Bremen may suggest that forum selection clauses in adhesive contracts and/or in contracts where the parties did not have the particular controversy in mind when they made their agreement are unenforceable. 407 U.S. at 17, 92 S.Ct. 1907. At least, they may be factors to consider. There is no reasonable inference that the contract was not adhesive, nor that the parties had the legality or illegality of the contracts in mind when they were executed. Adhesive contracts are not "negotiated with care in selecting a forum."
(3) The Illinois state court referred to in the selection clause would have to deter mine the state law of Alabama without the ability to certify the question to the Supreme Court of Alabama.
Such a certification could be made by this court, or, since this court will certify its order pursuant to 28 U.S.C. § 1292(b), by the Eleventh Circuit Court of Appeals if it accepts an appeal.
(4) All the plaintiffs are, or have been, residents of Alabama and the agreements were consummated in Alabama. There may be a dispute as to whether the plaintiffs were represented by attorneys in connection with the execution of the agreements. The plaintiffs say that the lawyers only agreed, later, to comply with the payment provisions of the agreements. Bremen states, "But this was not simply a form contract with boilerplate language that Zapata [Appellee] had not power to alter." 407 U.S. at 13, n. 14, 92 S.Ct. 1907. "Zapata made numerous changes in the contract." 407 U.S. at 14, n. 16, 92 S.Ct. 1907. The subject agreements were not "freely negotiated." They are adhesive contracts as to which the parties did not likely contemplate that an Illinois court would be determining their validity under Alabama law.
(5) The issue with regard to whether the subject agreements are void is substantially, if not totally, a question of law based on substantially undisputed facts. The residence of witnesses referred to in P. S. Business Machines, Inc. is not significantly relevant here. Further, unlike in P. S. Business Machines, Inc., there is not evidence here that the agreements were negotiated by plaintiffs who are "experienced business professionals." The court further notes that P. S. is a § 1404(a) case.
(6) To the extent that the location of parties or witnesses is an issue, the court notes that this action has been filed as a putative class action involving Alabama residents. This could be particularly relevant if individual damages or other common and typical, but somewhat individually different, issues are raised.

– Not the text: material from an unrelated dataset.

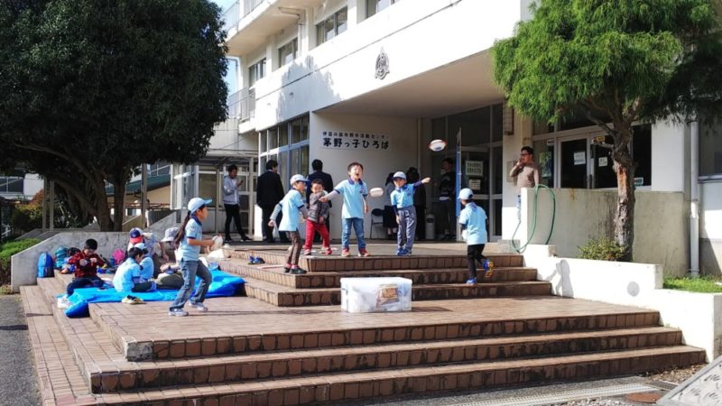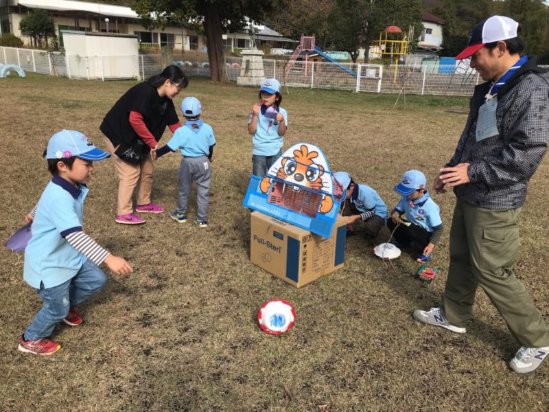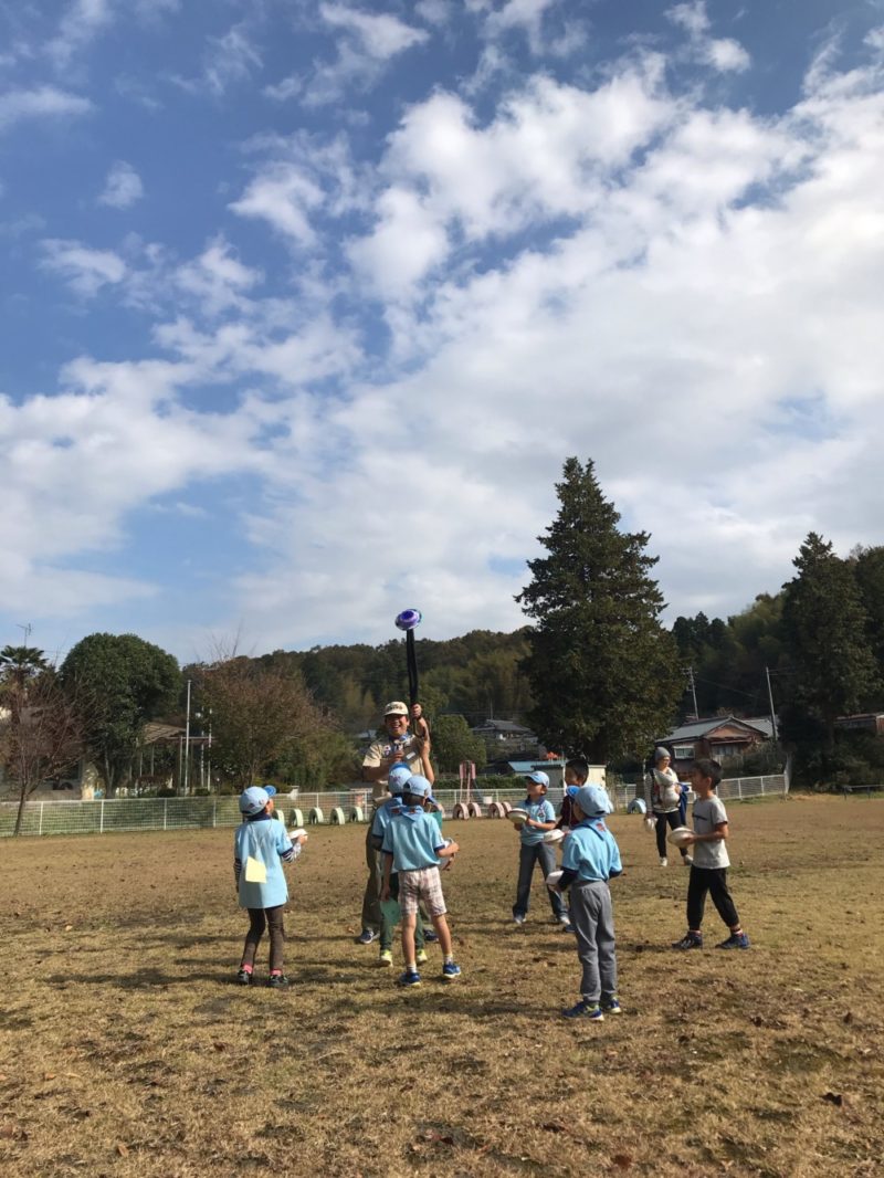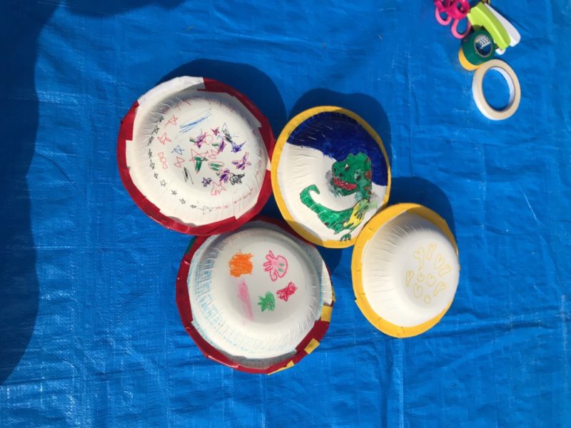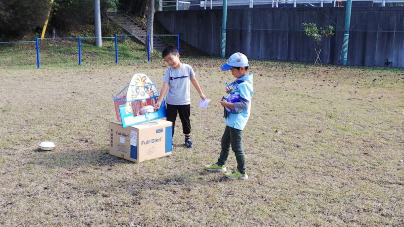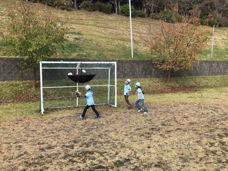 円盤を手作りして、その円盤をゴールにいかに少ない投数でいれられるかを行います。

(7) Defendants cite Muzumdar v. Well-ness International Network, Ltd., 438 F.3d 759 (7th Cir. 2006). While this case is somewhat persuasive, it is not controlling. Further, this court does not agree that a "federal cour[t] in [Alabama] would first have to determine whether the contracts were void before [it] could decide whether, based on the forum selection clauses, [it] should be considering the case at all." Id. at 762. The initial issue is whether the enforcement of the selection clause is unreasonable under the circumstances. This court does not have to determine if the agreements are void to determine that issue.
This case clearly involves the public policy of Alabama. It is not clear, however, whether the "public policy" concern of Bremen relates to the forum selection clause or to the substantive law applicable to the contract. See Bremen, 407 U.S. at 15, 92 S.Ct. 1907 where the Court says "A contractual choice-of-forum should be held unenforceable if enforcement would contravene a strong public policy of the forum in which suit is brought, whether declared by statute or by judicial decision. See, e.g., Boyd v. Grand Trunk W.R. Co., 338 U.S. 263, 70 S.Ct. 26, 94 L.Ed. 55 (1949)."
This case is appropriate for certification under 28 U.S.C. § 1292(b) and the court will express that opinion in a contemporaneous order.